### Problem statement
Find the line below with "Billetera de cuero" and the line with "Click the Table". Output them and the lines between, exactly, but not the pictures.

### Provided data
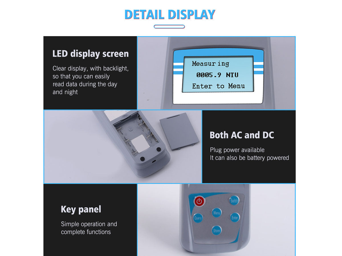 The Dual Powered Portable Turbidity Meter is a reliable and versatile device designed for precise measurement of turbidity levels in water. With its dual power options of plug-in and AA batteries, this Portable Turbidity Meter ensures convenient usage in various settings. Featuring a Water Quality Tester Turbidity Meter with a backlight LCD display, it provides clear and easy-to-read results. Its 90° scattered light measurement method ensures accuracy and reliability.
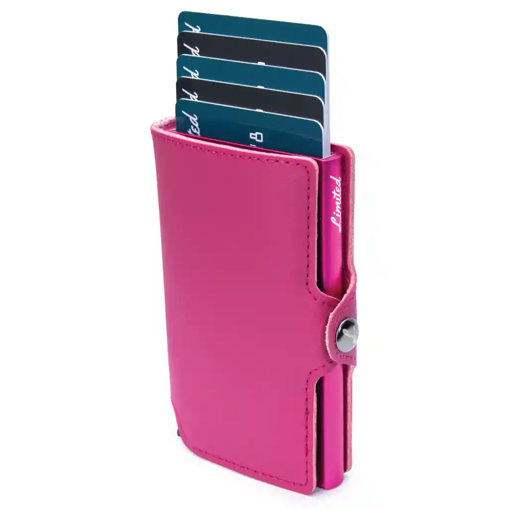Billetera de cuero PU con tarjetero metálico anti clonación. Hasta 12 tarjetas. 4 tarjetas con relieve o 6 tarjetas lisas en el interior metálico y de 4 a 6 tarjetas en los bolsillos interiores.
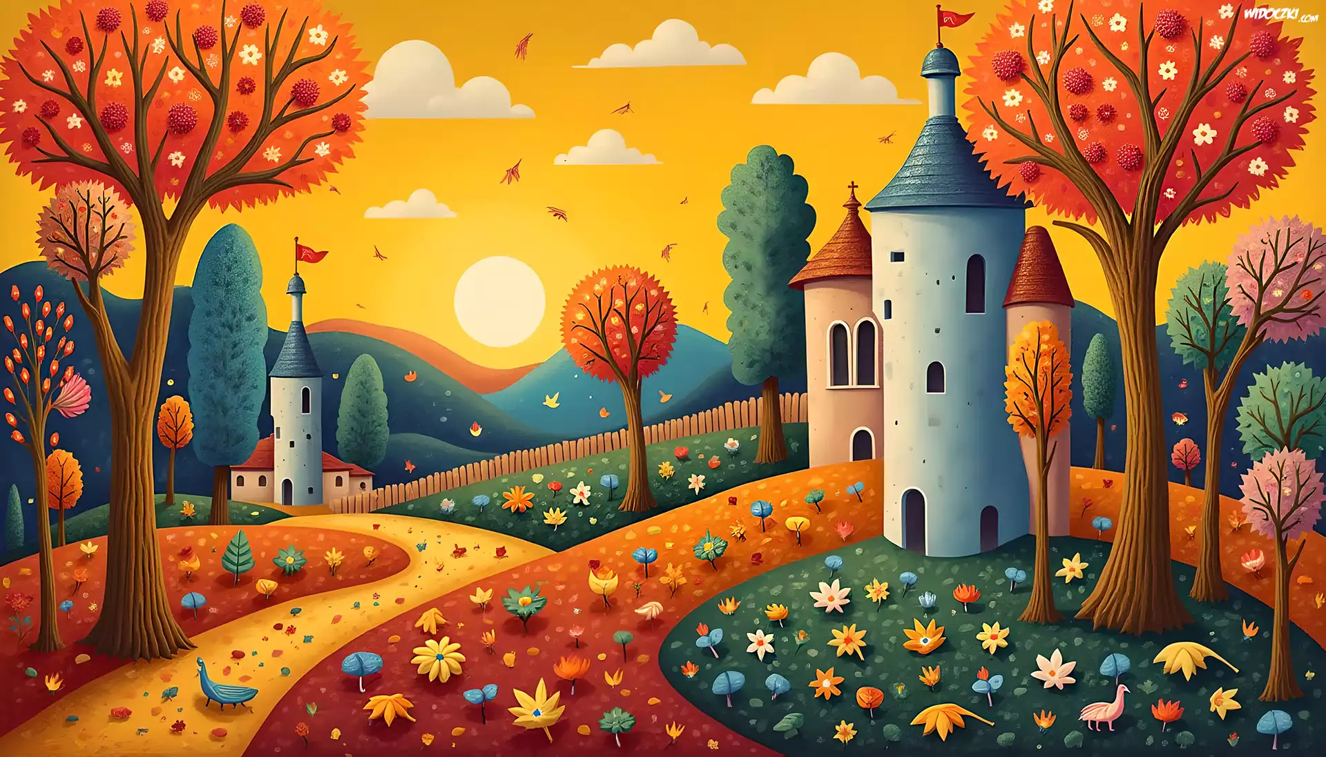 Kolorowa, Jesień, Domy, Drzewa, Grafika
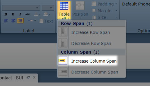 Click the Table Cell drop-down, and then click Increase Column Span.
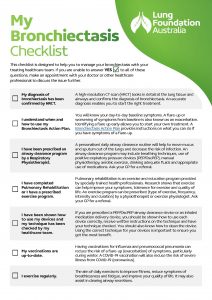 The My Bronchiectasis checklist summarises key self-management activities to help you manage your Bronchiectasis in accordance with evidence-based guidelines. The My Bronchiectasis checklist is a template to be completed by you in conjunction with your GP or specialist to outline your plan for self-management.
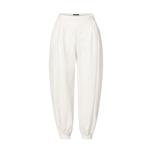 パジャマのカジュアルな快適さから着想を得た、ショーコレクションのパンツ。軽やかなコットンポプリンで仕立てたボリューム感のあるバルーンシェイプに、腰と足首に施されたプリーツのディテールがアクセントを加えます。ウエストバンドはサイドのボタンで留めることができ、同系色で仕上げたLV サークルのレザータブがさりげないシグネチャーをプラス。

### Result of the exercise
Billetera de cuero PU con tarjetero metálico anti clonación. Hasta 12 tarjetas. 4 tarjetas con relieve o 6 tarjetas lisas en el interior metálico y de 4 a 6 tarjetas en los bolsillos interiores.
 Kolorowa, Jesień, Domy, Drzewa, Grafika
 Click the Table Cell drop-down, and then click Increase Column Span.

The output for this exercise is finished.